I was in the minority that found the original Happy Feet (2006) to be barely amusing, a film in which astonishing computer animation was put in service to a weak, formulaic story built around Glee-like recycling of pop hits. Minority? Hell, the damn thing won the Oscar (and the New York Film Critics Circle award, though I believe I was voting for Monster House that year).
Still, I can't imagine that Happy Feet Two, opening Friday (11/18/11), will charm any but the youngest viewers. It has less plot than an hour of Sesame Street, fewer jokes than a Republican presidential debate -- and astonishing computer animation, this time in wholly unnecessary 3D.
In the original, Mumble (voiced by Elijah Wood) was an outcast Emperor penguin because he couldn't sing -- but he could tap-dance. And so he found true love with the flock's best singer, Gloria (the late Brittany Murphy).
In this sequel, Mumble is now an adult, married to Gloria (singer Pink). He still can't sing but he has the whole flock tap-dancing. But when the visiting rock penguin Ramon (Robin Williams) leaves to go back to his own people, Mumble's hatchling Erik and his two little pals follow.
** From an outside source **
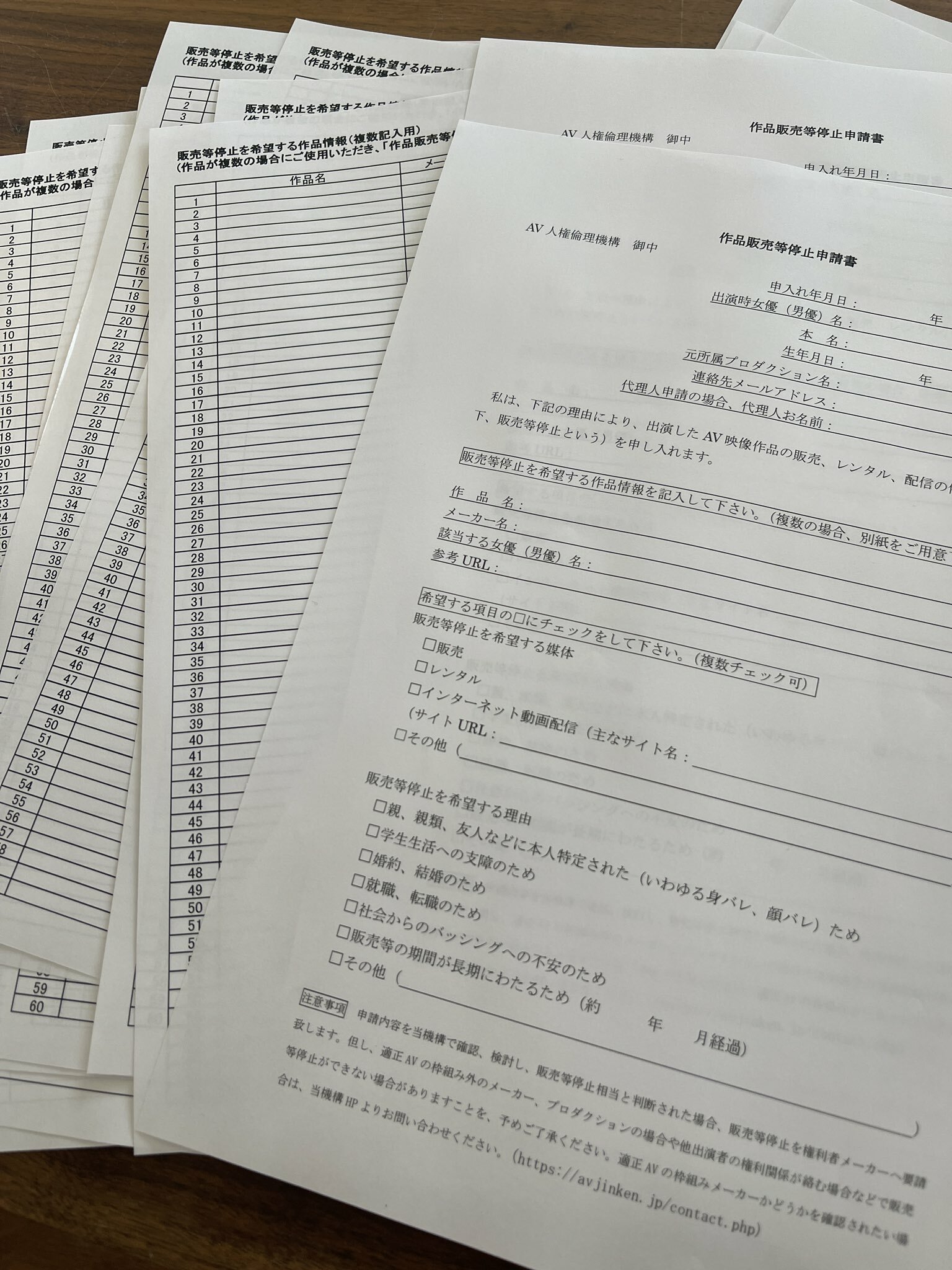 但我覺得好麻煩喔,沒看到申請書不知道,看了才曉得原來作品要自己列出來,像星美りか(星美梨香)這種業界的女優最多就辛苦點去待過的片商把作品抄下來,但如果是像波多野結衣這樣拍了超過2000片的女優呢?或是素人企劃拍很多,作品大多不具名然後又退出事務所不記得自己拍過什麼片子的女優又該怎麼辦?

Mumble sets out to bring them back -- but when they return, he finds that the whole flock has been cut off from food and the rest of Antarctica by shifting icebergs, which have trapped them in a steep-walled valley. So it's up to him to save them.
And that's it. It's so simple that it's simple-minded. There's barely even the eco-consciousness about climate change that was the first film's subtext; don't want to stir up those "See? Hollywood is liberal!" types again, I guess.
The only glimmer of wit in this whole movie comes with a pair of new characters, Will and Bill, a couple of krill, which are microscopic shrimp-like creatures that travel in huge swarms, to be inhaled and digested by whales. Will, however, longs to be a predator, and convinces the nervous Bill to follow him in leaving the swarm behind.
The writing for Will and Bill is actually quite amusing -- and the animation is stunning, reminiscent of the over-the-top adventures of Skrat in the Ice Age films. But the voice actors, particularly Brad Pitt as Will, lack the comic-cartoon energy required of a character this exaggerated. So the characters' adventures are funnier in concept than in execution.
Which still makes them more amusing than all of the rest of Happy Feet Two combined.